Accessibility links

China, Kazakhstan Pipeline Agreement Secures Increased Trade - 2004-05-18

China scored a victory this week in its bid to secure new sources of oil with an agreement to build a 1,200 kilometer pipeline from neighboring Kazakhstan. The new pipeline is seen as a sign of China's growing economic influence in Central Asia.

The agreement was signed Monday during a visit to Beijing by Kazakhstan's President Nursultan Nazarbayev.

Kazakhstan has been working to boost its oil revenues and expand its market, which until now has been mostly limited to Russia.
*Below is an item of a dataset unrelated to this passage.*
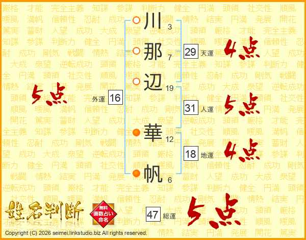 川那辺華帆さんの総運は47画の5点!
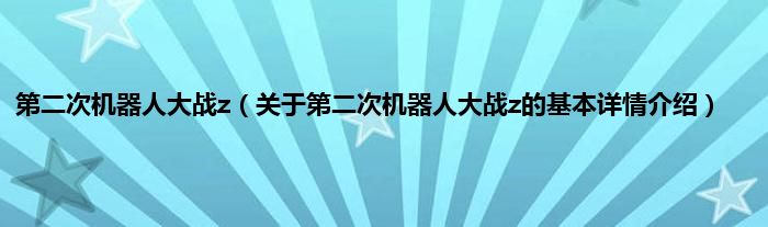 本文关于第二次机器人大战z的基本详情介绍就讲解完毕,希望对大家有所帮助。

Once the China pipeline is completed next year, Kazakhstan will be able to deliver an estimated 10 million tons of oil annually.

The agreement is to build a 1,200 kilometer segment of a pipeline that will stretch 3,000 kilometers across Kazakhstan from the Caspian Sea to western China's Xinjiang Autonomous Region.

The agreement will sharply increase trade between China and Kazakhstan. Analysts see the pipeline as yet another sign of China's growing influence in Central Asia.

They say China's biggest benefit from the deal will be access to a new oil source, helping it meet rapidly growing demand. Harry Dimitriou is a professor of planning studies at the University College of London who has been looking at the effect that China's booming economy is having on the rate of vehicle ownership.

"The most likely scenario is for China to have 180 million vehicles, exclusive of trucks, by the year 2020," he said. "If you add the 30 percent of trucks, this could really be projected to 234 million in total."

Graham Smith is the lead transport specialist at the World Bank office in Beijing. He says the rising demand for oil in the world's most populous country is something to consider, given the recent surge in world oil prices.

"If you extrapolate these double-digit growth rates for car ownership and use, only a few years into the future, China will be very dependent on imported oil," said Mr. Smith. "For obvious reasons, that is a matter of concern."

It was only in the late 1990's that China started importing significant quantities of oil. Chinese officials say that in the past year alone, demand has risen from 3.3 million to more than five million barrels a day.

Chinese and Kazakh officials say work on the pipeline starts in August. They did not say how much the project would cost.